++++ Input data ++++

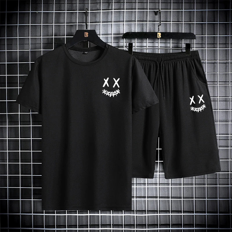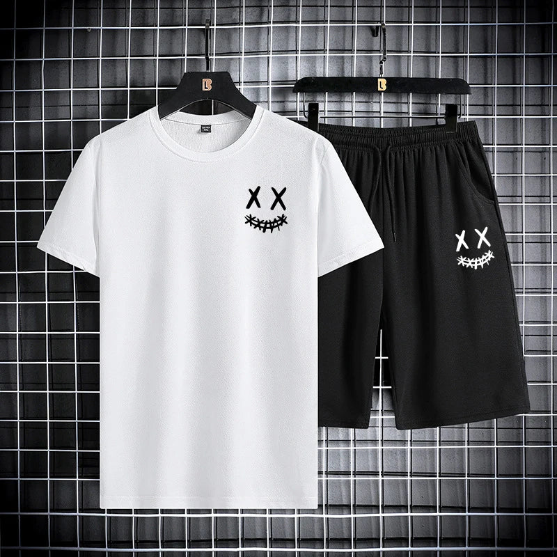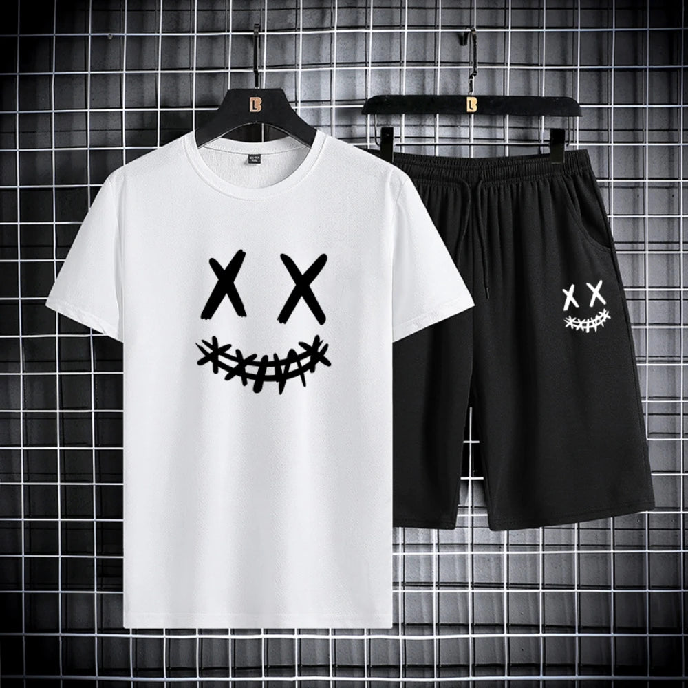 This men’s short sleeve graphic tee and shorts set blends style with comfort for casual summer wear. Lightweight and breathable, it features a knit fabric and elastic waist for easy movement. The bold printed design adds an edgy touch to your warm-weather wardrobe.
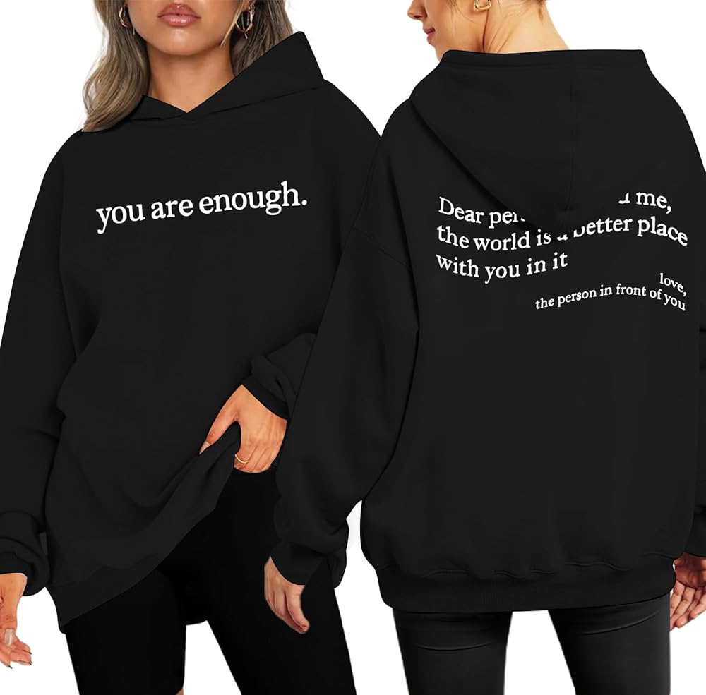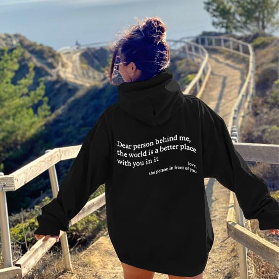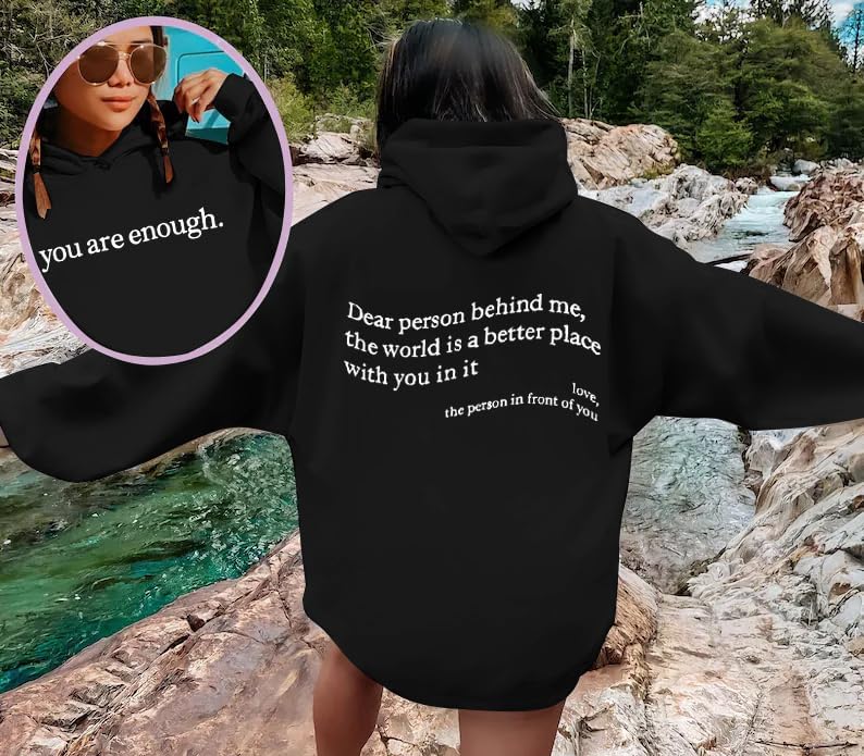 السمات: سترة بغطاء رأس كبيرة الحجم بما فيه الكفاية، سويت شيرت عزيزي الشخص ورائي، قميص للصحة العقلية، قمصان إيجابية، قميص شخصي، سترة مسيحية. انشر الإيجابية في كل مكان تذهب إليه: من خلال ارتداء سويت شيرت "Dear Person Behind Me"، سوف تنشر الإيجابية واللطف أينما ذهبت.
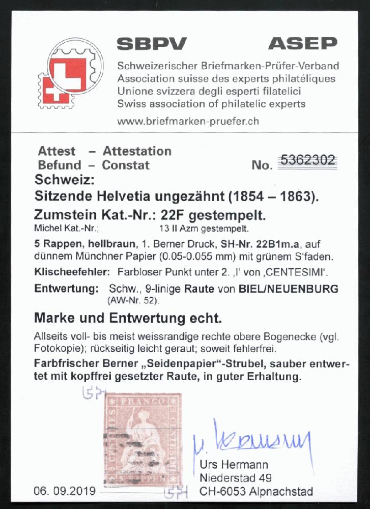 | Prüfer: | Hermann, Urs (SBPV / ASEP (Schweizerischer Briefmarken-Prüfer-Verband)) |
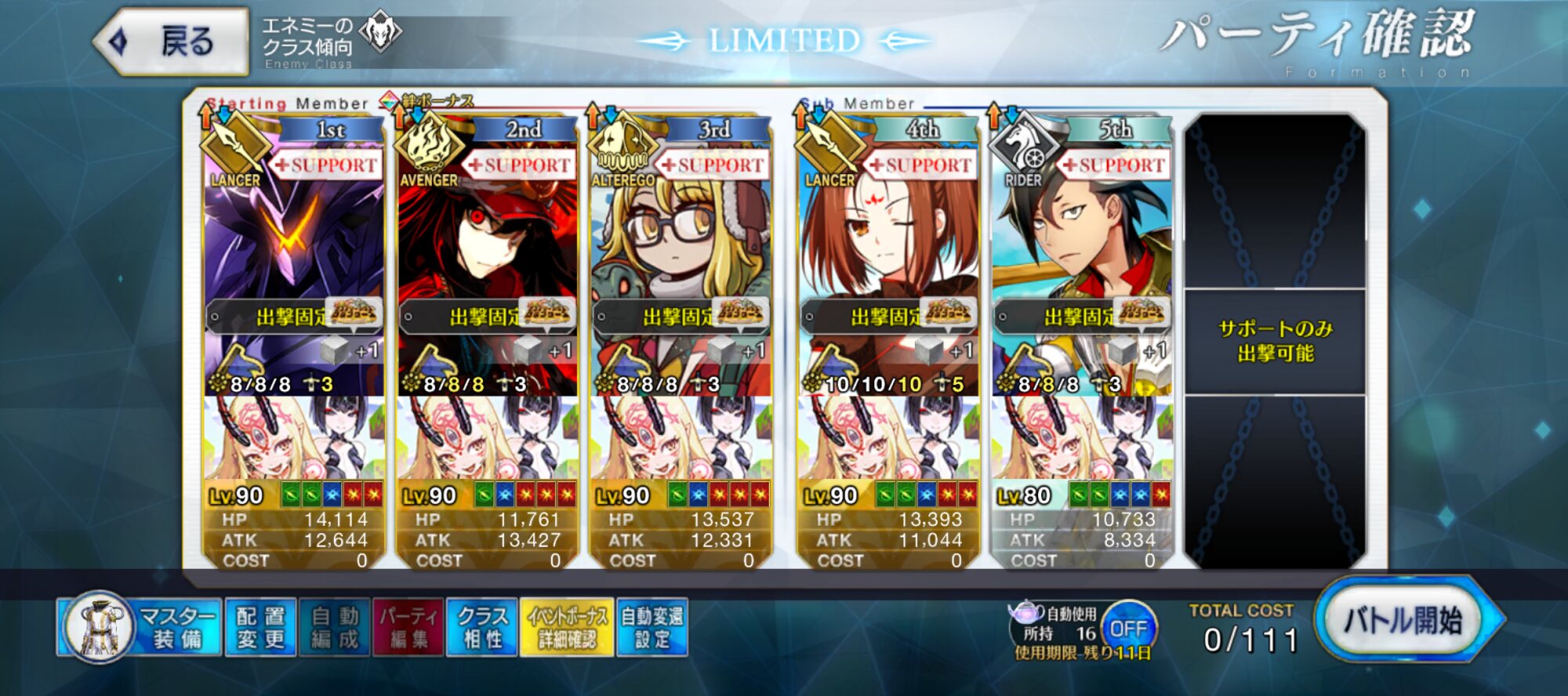 自分は自前のイベ凸礼装120ラシュ+オベロンで1ゲージブレイクさせて野良のイベ凸礼装モルガン(各種サポは自前)で済ませた
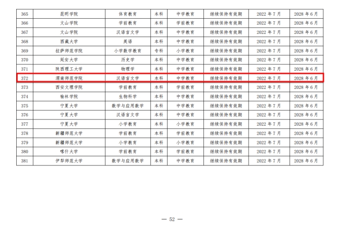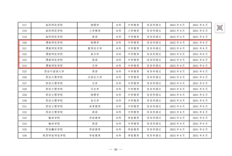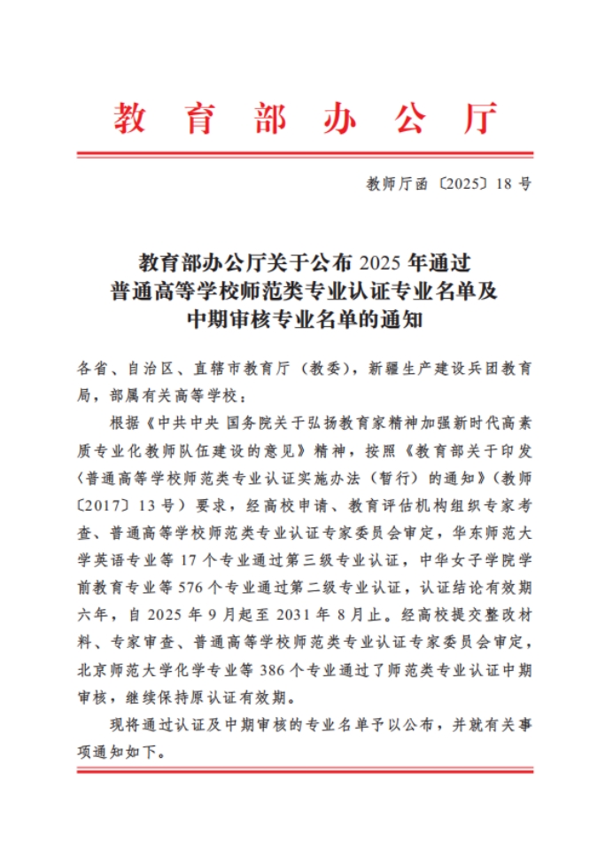 近日,教育部办公厅印发了《教育部办公厅关于公布2025年通过普通高等学校师范类专业认证及认证中期审核专业名单的通知》(教师厅函〔2025〕18号),公布了2025年通过普通高等学校师范类专业认证及中期审核的专业名单,我校物理学、教育技术学、美术学、化学、英语5个专业顺利通过师范类专业中学教育第二级认证,认证结论有效期六年,自2025年9月起至2031年8月止。汉语言文学专业通过中期检查,认证结论为继续保持有效期,自2022年7月起至2028年6月止。目前我校已有9个专业有条件通过师范类专业第二级认证。
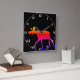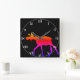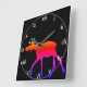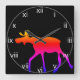 Cute graphic of a neon silhouette of a moose saunters across the black background of this wall clock. The time is marked by white Roman numerals encircled by a double white circular frame.
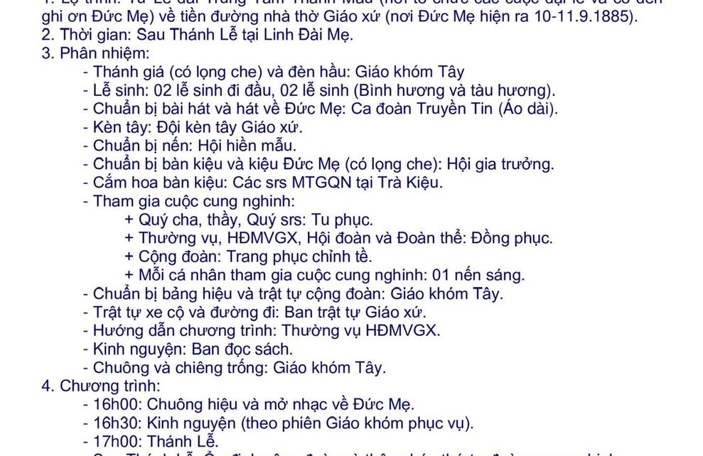 Thứ 4: 04h45 và 17h00 (Đền Mẹ Tri Ân)
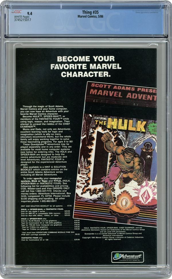 Thing (1983 1st Series Marvel) 35 CGC 9.4
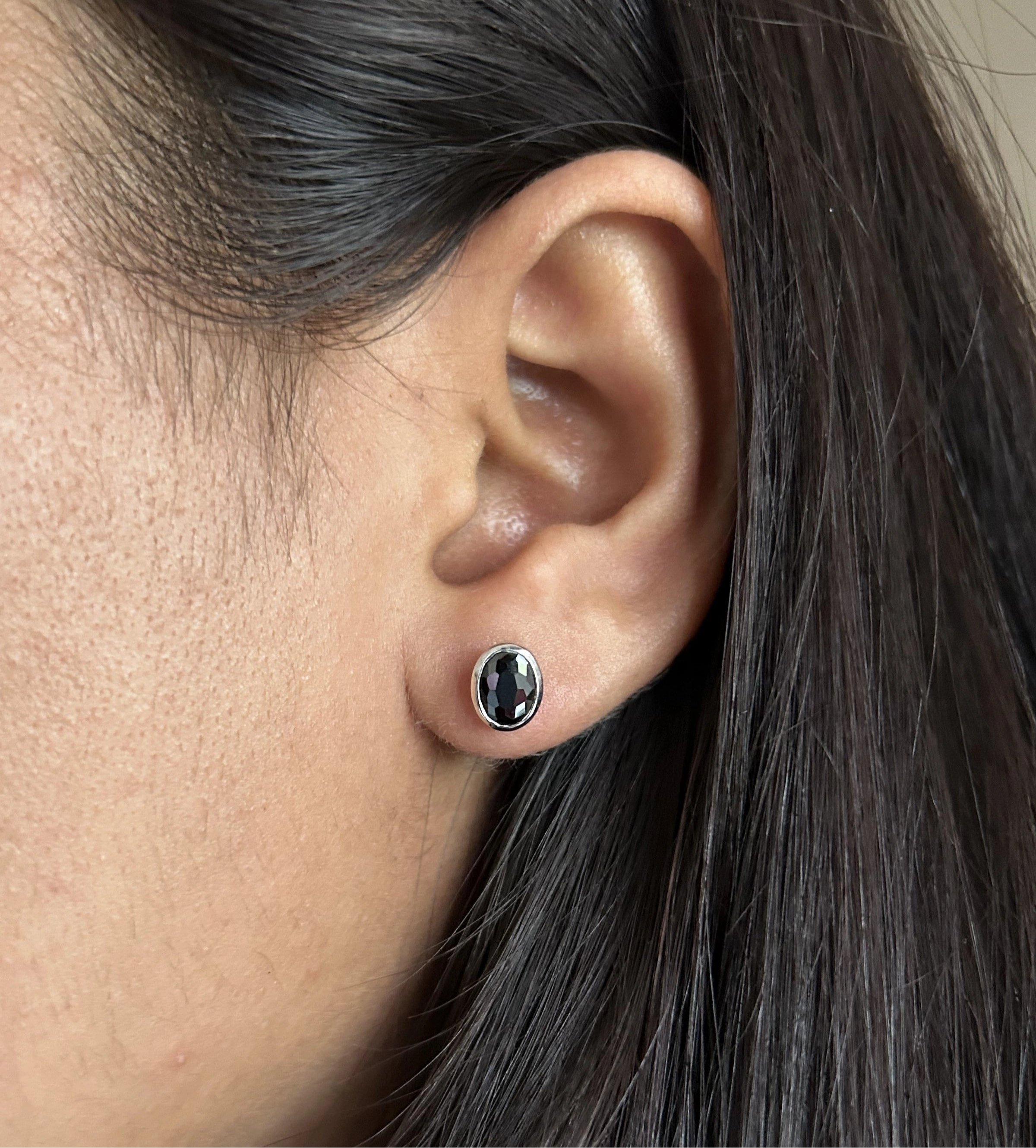 5x7mm oval black cz bezel setting studs in pure 925 silver

++++

- Task description
Only lines belong in the copy: transcribe those from the start of the data through the line that contains "自分は自前のイベ凸礼装120", and skip the pictures.

- Solution to this exercise
 This men’s short sleeve graphic tee and shorts set blends style with comfort for casual summer wear. Lightweight and breathable, it features a knit fabric and elastic waist for easy movement. The bold printed design adds an edgy touch to your warm-weather wardrobe.
 السمات: سترة بغطاء رأس كبيرة الحجم بما فيه الكفاية، سويت شيرت عزيزي الشخص ورائي، قميص للصحة العقلية، قمصان إيجابية، قميص شخصي، سترة مسيحية. انشر الإيجابية في كل مكان تذهب إليه: من خلال ارتداء سويت شيرت "Dear Person Behind Me"، سوف تنشر الإيجابية واللطف أينما ذهبت.
 | Prüfer: | Hermann, Urs (SBPV / ASEP (Schweizerischer Briefmarken-Prüfer-Verband)) |
 自分は自前のイベ凸礼装120ラシュ+オベロンで1ゲージブレイクさせて野良のイベ凸礼装モルガン(各種サポは自前)で済ませた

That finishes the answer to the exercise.